If coffee cherry is badly handled after picking and the subsequent processing, the grading and prices would be negatively affected. A lot of good work is being done, for instance, in training of smallscale farmers by private and public institutions to change the old farming cultures.

Coffee input subsidy programmes have been initiated. Extensive research has yielded value adding coffee varieties and better farming practices, including climate-smart techniques. At the regional and international levels, we have certification programmes which mainly aim to ensure sustainable coffee production through environmental protection as well as fairness and equity in its trade. Some of the organisations offering these programmes are Fairtrade, Birdfriendly (Smithsonian) Rainforest Alliance and Organic.

There are aslo private and voluntary initiatives such as 4C Association, Caffe Practices and Nespresso. All these organisations attempt to improve farmers’ incomes and make coffee farming sustainable.
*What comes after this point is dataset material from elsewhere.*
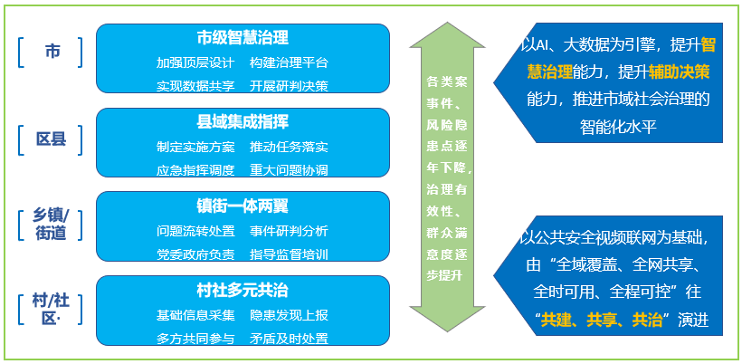 市域社会治理现代化、公共安全视频联网、智慧社区、基层网格管理、指挥调度、雪亮工程AI+……

It should be noted, however, that the certification programmes can sometimes be pretty expensive to the farmers and their producer organisations.

Juanco SPS Ltd in Coffee Juanco SPS has been an unwavering agrochemicals partner with the coffee industry across the greater East and Horn of Africa region.

We have been working with both large and smallholder farmers, their producer organisations, research institutes, governments and coffee service providers. We have an elaborate network of trained coffee agronomists in all the coffee growing areas in the region.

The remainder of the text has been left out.